What is it with cotton anyway?

Those Illegal Farm Subsidies

America's lavish handouts to its farmers harvest poverty throughout the developing world. And they are illegal as well. That's the conclusion of a World Trade Organization panel that heard Brazil's challenge to the cotton subsidies that belie this nation's commitment to free and fair trade.

Cotton is far from the only crop that American farmers are able to dump on the international market at low prices thanks to federal subsidies. But it is one of the most outrageous cases. Brazil was wise in choosing it as the first target in the developing world's challenge of the roughly $1 billion a day in subsidies that rich nations dole out to their farmers. If the preliminary ruling stands, as expected, it may mean the beginning of the end for European and American practices that provide their farmers an unfair advantage.

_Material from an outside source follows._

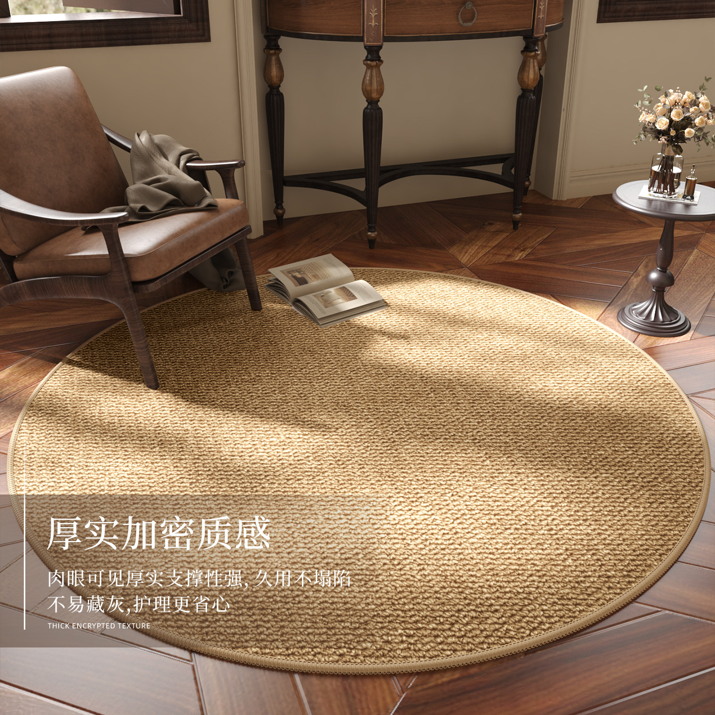 圆形客厅地毯高级感卧室主卧床边毯梳妆台椅子防滑耐磨地垫可定制

In addition to Brazil, an agricultural superpower, some of the world's poorest nations, including the West African republics of Mali, Benin and Burkina Faso, are vindicated by the W.T.O.'s decision. Cotton is West Africa's cash crop, the one economic activity in which the region has a competitive advantage. By underwriting much of the costs of America's 25,000 cotton farmers with checks that can total $3 billion a year, Washington erases that advantage. Aided by American experts who are critics of this warped system, Brazil convincingly argued that in the absence of subsidies, the United States would have produced and exported substantially less cotton than it did in recent years. Consequently, growers elsewhere would have enjoyed greater market share and higher prices.

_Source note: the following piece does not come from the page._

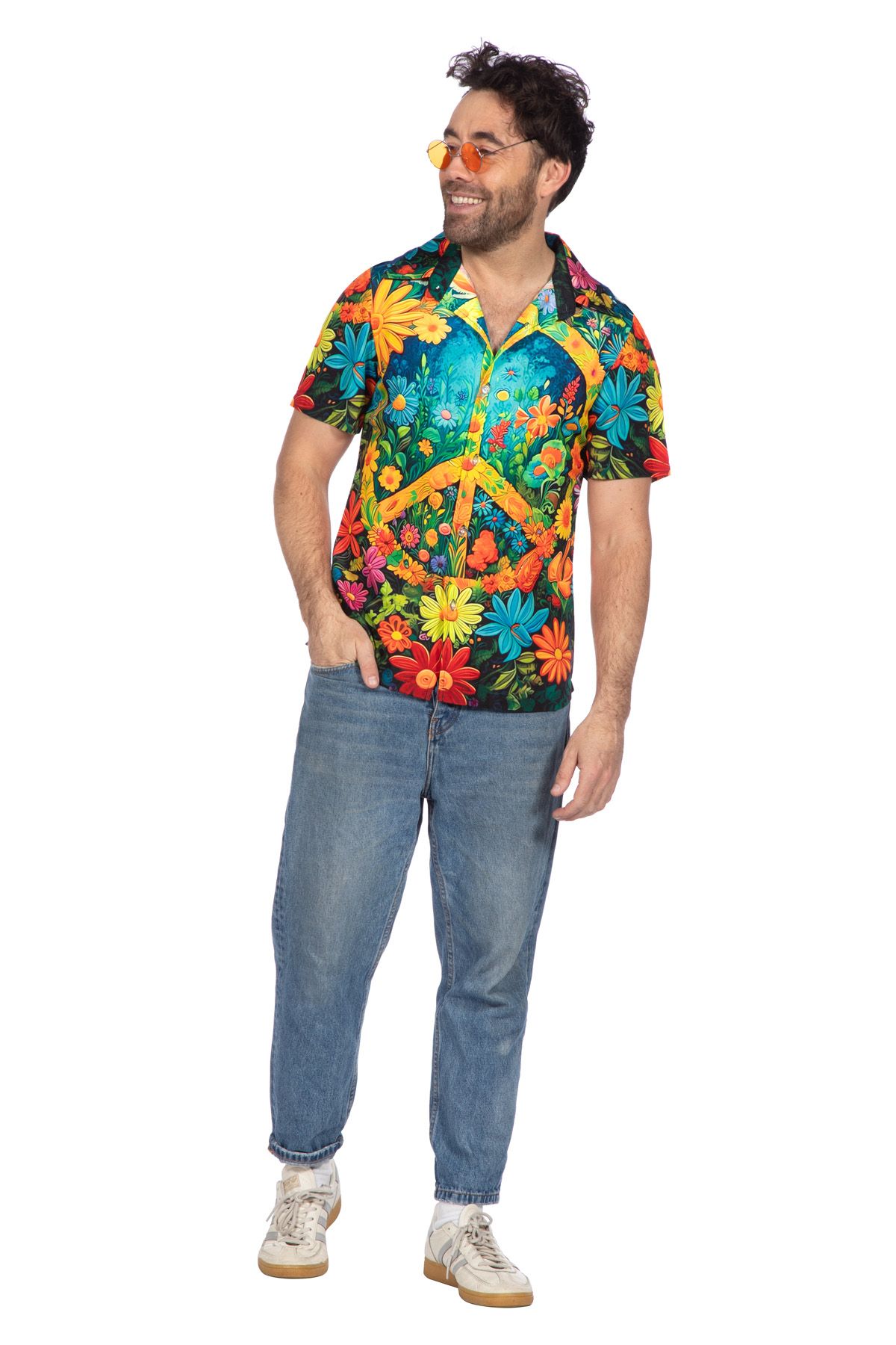 Party shirt hippie peace en bloemen (V)

The glaring contradiction between American farm subsidies and the principles underlying the global trade system has long posed a moral and political problem for Washington. Now it is also a legal problem. Instead of digging in its heels and spending years appealing the panel's ruling, the Bush administration needs to seize upon it as a reason to negotiate the surrender of rich nations' trade-distorting farm subsidies.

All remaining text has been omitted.